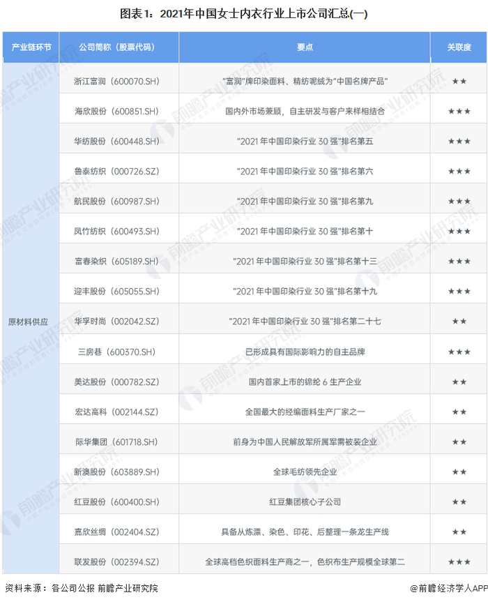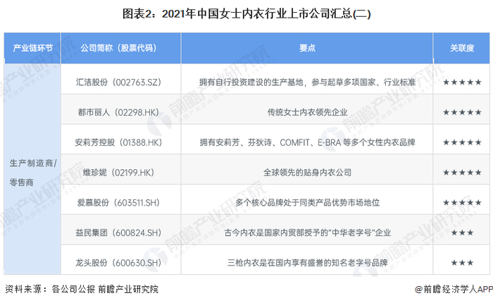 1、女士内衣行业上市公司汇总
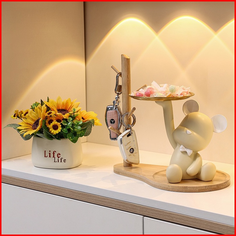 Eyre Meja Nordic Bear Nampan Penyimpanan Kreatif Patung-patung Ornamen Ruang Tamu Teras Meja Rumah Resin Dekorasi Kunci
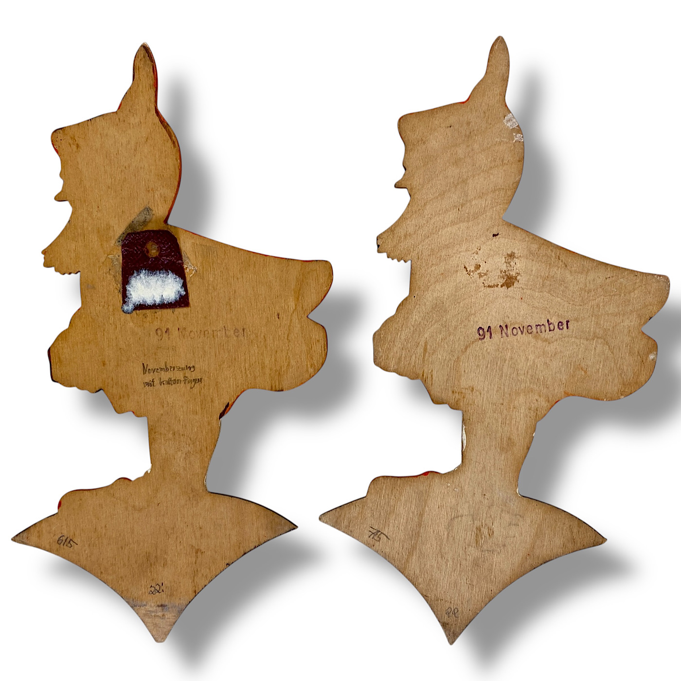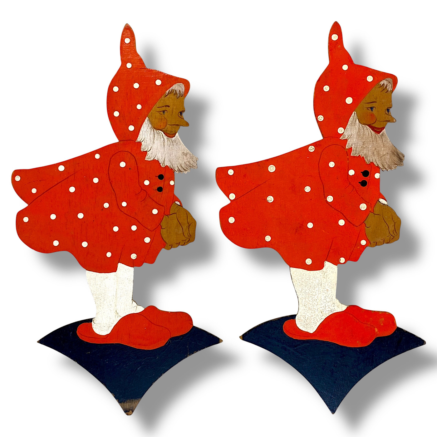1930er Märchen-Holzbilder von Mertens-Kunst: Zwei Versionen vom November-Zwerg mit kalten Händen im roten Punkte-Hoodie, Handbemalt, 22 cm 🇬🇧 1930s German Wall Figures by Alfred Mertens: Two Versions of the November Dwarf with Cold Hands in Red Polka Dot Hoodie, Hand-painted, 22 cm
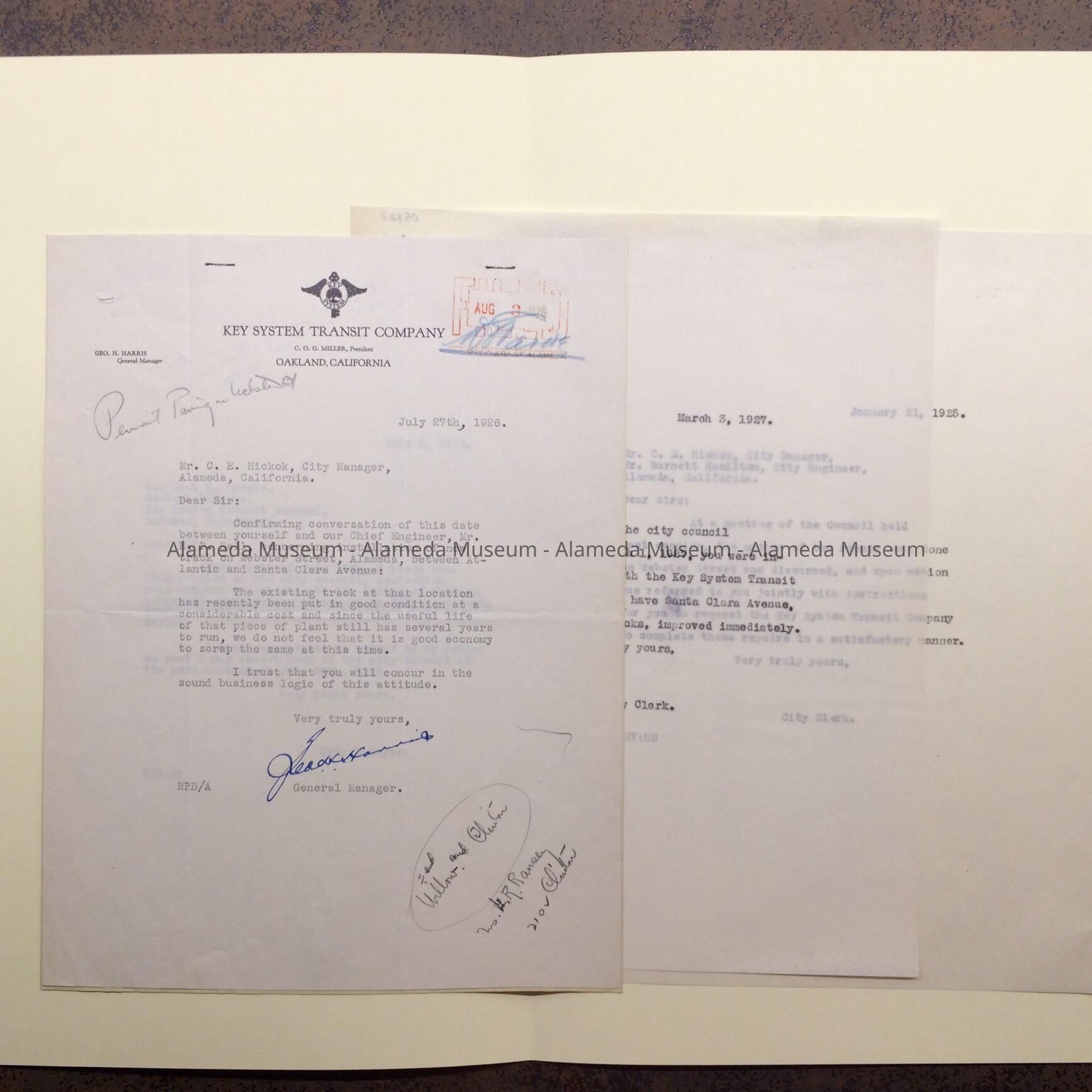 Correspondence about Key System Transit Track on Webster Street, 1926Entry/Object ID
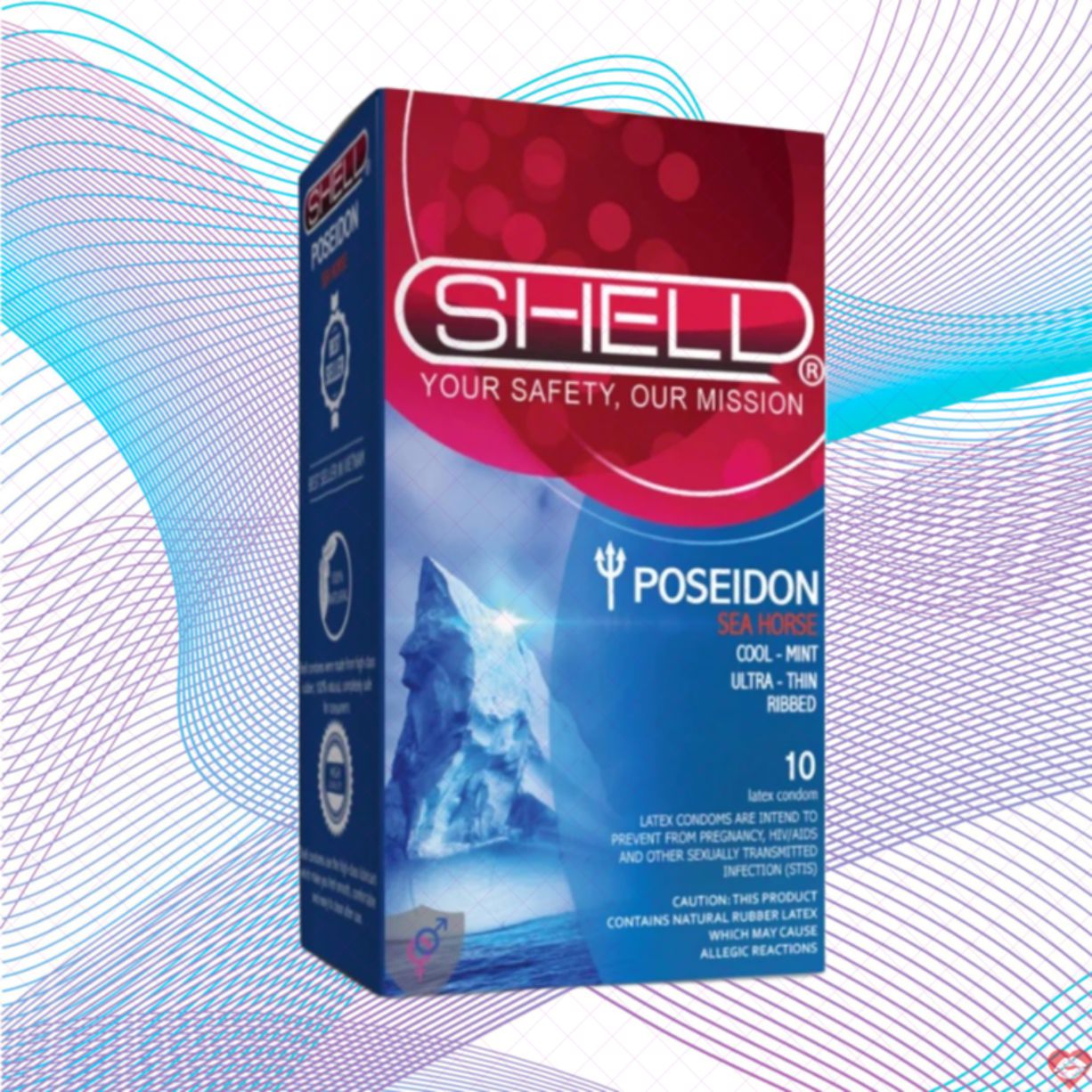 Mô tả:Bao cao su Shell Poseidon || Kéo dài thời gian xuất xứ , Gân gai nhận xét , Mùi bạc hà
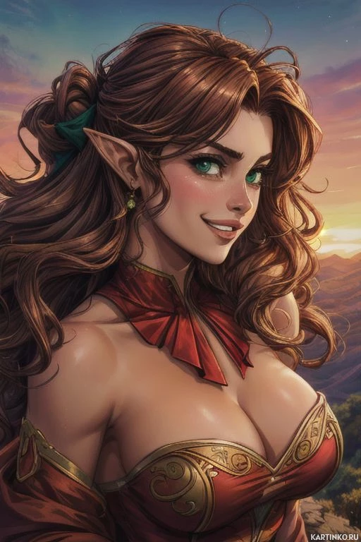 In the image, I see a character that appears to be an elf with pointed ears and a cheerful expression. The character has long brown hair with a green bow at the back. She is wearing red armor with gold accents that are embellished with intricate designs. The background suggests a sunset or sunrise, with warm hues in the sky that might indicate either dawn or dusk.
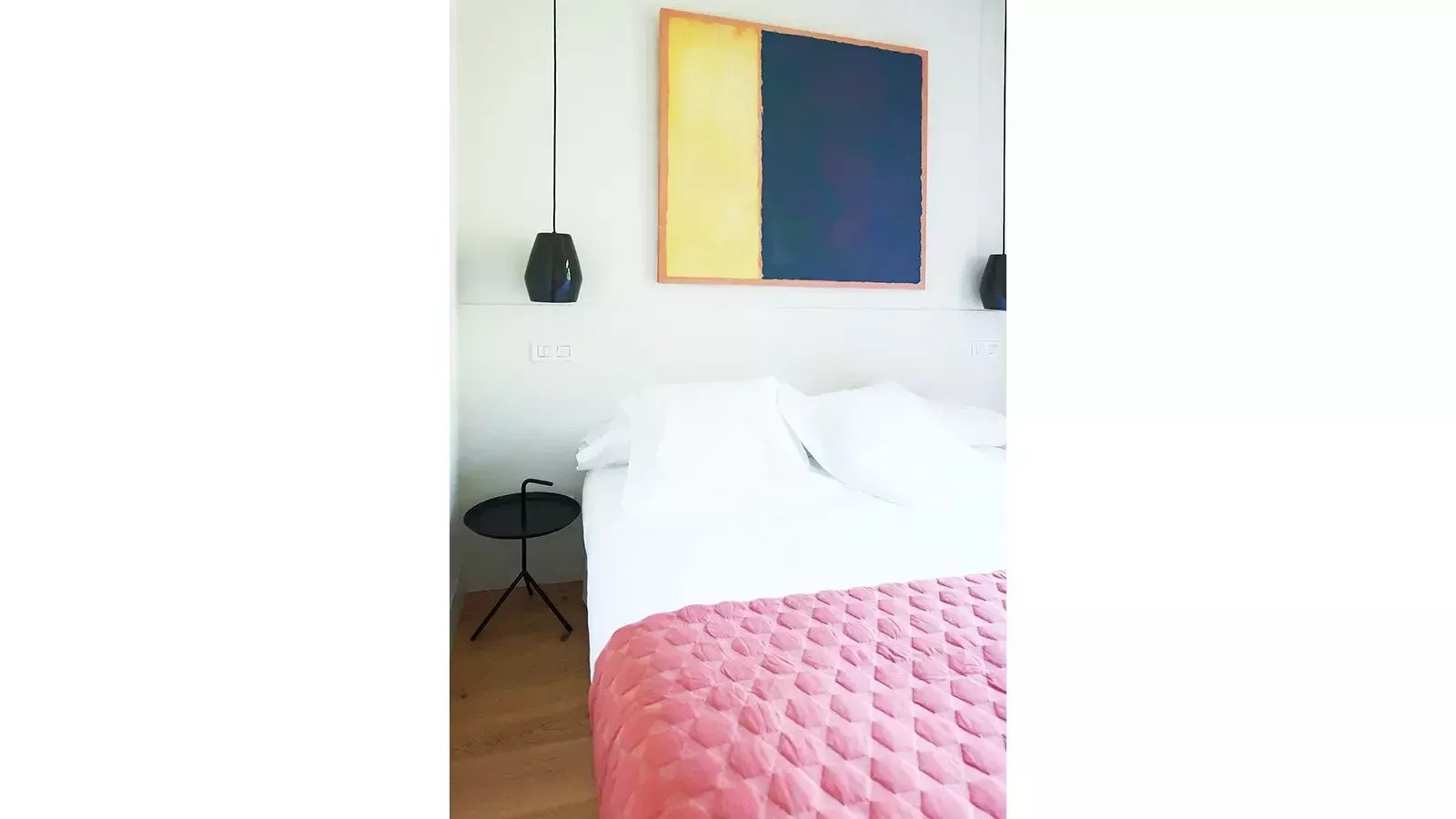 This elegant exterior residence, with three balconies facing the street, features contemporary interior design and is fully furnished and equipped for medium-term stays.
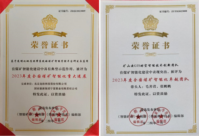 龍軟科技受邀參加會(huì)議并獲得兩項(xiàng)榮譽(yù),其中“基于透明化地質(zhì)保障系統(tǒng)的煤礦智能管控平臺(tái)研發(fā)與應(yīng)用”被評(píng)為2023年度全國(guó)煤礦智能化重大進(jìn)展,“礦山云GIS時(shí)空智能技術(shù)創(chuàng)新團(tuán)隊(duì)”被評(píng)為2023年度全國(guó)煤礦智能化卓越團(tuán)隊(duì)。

....

* [YOUR ASSIGNMENT]: For the entries above, print exactly the lines between the one with "Correspondence about Key" and the one with "Mô tả:Bao cao", inclusive, with no pictures.

* [YOUR RESPONSE]:
 Correspondence about Key System Transit Track on Webster Street, 1926Entry/Object ID
 Mô tả:Bao cao su Shell Poseidon || Kéo dài thời gian xuất xứ , Gân gai nhận xét , Mùi bạc hà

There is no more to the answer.